There’s a reason why the Pumpkins have been around since 1988, and the Pumpkins PNE show proved this.
The set was a well-balanced blend of all the best aspects of their career. Starting off with an energized performance of “Doomsday Clock” (the debut track from their latest album, Zeitgeist), the band rocked out with “Zero” and “Bullet with Butterfly Wings,” among other quintessential Pumpkins tunes. It was the best of the past and the present, from “Down” and other Rotten Apples songs to, surprisingly enough, “Ava Adore” and “To Sheila” from their most experimental album Adore.
While Corgan was missing his iconic Zero shirt, his long-sleeved, striped replacement made us all remember the heavy psychedelic roots of the band, tossing everyone around in a cathartic cloud of the past, present and future. I also particularly liked the fact that original band members James Iha and D’arcy Wretzky were replaced by another female bassist and Asian guitarist. Did he think nobody would notice?

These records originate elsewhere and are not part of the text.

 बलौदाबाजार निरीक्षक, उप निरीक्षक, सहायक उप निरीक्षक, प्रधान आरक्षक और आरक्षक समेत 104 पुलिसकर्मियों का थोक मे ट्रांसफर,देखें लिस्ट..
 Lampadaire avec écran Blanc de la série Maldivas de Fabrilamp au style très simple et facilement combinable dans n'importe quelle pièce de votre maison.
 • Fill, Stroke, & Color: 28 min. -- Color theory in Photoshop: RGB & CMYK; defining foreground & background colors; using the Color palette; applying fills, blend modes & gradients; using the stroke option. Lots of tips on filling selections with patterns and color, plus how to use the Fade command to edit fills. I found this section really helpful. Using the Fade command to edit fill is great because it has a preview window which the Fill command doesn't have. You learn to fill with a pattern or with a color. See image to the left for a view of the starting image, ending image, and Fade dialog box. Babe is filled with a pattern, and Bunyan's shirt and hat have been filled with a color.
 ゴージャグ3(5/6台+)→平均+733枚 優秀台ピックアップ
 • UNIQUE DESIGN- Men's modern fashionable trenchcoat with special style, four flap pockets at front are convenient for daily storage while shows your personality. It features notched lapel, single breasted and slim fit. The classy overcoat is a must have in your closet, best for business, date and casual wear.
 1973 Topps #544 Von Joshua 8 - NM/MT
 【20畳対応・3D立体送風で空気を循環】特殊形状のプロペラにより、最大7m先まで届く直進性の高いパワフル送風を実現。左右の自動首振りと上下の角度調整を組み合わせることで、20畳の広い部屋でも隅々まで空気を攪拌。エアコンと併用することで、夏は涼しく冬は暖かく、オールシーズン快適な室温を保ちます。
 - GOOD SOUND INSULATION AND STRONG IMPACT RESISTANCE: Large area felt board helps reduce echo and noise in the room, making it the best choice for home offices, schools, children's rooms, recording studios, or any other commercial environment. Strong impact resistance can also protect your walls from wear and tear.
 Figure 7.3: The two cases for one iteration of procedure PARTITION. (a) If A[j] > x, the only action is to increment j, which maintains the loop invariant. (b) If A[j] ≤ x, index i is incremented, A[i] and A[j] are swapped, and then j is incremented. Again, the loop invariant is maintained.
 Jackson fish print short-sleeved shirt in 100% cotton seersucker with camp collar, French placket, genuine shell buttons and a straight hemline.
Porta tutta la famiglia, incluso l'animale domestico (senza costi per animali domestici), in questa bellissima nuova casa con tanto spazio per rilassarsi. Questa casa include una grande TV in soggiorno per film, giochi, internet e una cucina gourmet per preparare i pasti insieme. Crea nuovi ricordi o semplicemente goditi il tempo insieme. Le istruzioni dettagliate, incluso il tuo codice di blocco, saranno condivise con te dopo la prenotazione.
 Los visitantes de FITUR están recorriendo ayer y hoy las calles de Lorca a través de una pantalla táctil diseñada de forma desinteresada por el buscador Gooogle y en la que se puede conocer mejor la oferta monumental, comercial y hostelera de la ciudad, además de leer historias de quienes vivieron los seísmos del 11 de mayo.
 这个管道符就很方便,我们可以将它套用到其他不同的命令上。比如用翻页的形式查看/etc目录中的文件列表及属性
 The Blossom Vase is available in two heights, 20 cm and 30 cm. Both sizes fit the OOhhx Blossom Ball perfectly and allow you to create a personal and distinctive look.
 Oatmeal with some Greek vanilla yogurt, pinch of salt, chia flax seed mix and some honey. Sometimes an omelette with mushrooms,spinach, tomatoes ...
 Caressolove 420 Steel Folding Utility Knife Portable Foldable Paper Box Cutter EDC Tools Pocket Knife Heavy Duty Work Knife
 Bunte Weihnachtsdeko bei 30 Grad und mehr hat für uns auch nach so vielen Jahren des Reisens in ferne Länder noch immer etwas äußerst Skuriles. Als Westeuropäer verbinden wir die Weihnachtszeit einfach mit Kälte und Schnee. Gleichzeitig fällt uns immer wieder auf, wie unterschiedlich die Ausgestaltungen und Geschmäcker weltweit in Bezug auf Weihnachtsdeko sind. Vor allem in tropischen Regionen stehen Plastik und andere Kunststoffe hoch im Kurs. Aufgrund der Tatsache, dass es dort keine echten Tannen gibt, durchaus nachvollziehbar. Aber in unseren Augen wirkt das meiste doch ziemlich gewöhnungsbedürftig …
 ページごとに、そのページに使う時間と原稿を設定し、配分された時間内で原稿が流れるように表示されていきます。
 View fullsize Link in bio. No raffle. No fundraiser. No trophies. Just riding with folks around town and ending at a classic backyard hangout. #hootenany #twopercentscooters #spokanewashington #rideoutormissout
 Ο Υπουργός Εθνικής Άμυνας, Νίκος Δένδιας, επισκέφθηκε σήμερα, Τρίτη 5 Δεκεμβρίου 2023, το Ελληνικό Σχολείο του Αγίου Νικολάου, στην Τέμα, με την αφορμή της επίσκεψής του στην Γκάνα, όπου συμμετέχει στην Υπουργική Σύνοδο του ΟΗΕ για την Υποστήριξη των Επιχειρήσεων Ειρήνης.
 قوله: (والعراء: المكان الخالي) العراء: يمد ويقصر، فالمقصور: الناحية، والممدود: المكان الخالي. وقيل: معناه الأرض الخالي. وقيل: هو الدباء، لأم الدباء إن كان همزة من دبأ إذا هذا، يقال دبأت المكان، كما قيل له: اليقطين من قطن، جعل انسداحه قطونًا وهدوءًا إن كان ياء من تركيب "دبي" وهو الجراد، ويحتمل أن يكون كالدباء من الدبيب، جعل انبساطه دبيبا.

Live, the Pumpkins reminded concertgoers that, as an album, Zeitgeist explores many conceptions of nationality—particularly those in the U.S.—and the alienation that comes with an individual being attached to certain values and meanings based on locality. It’s for this reason that the album is so monumental. Phenomenologist philosopher Georg Hegel described a “spirit of the time” as a single historical figure representing all aspects and values of that period, and eventually when such meanings are overturned, another zeitgeist comes to be. Tracks such as “For God and Country” look at this phenomenological dialectic and describes how everything—including music—is a subject to this temporality.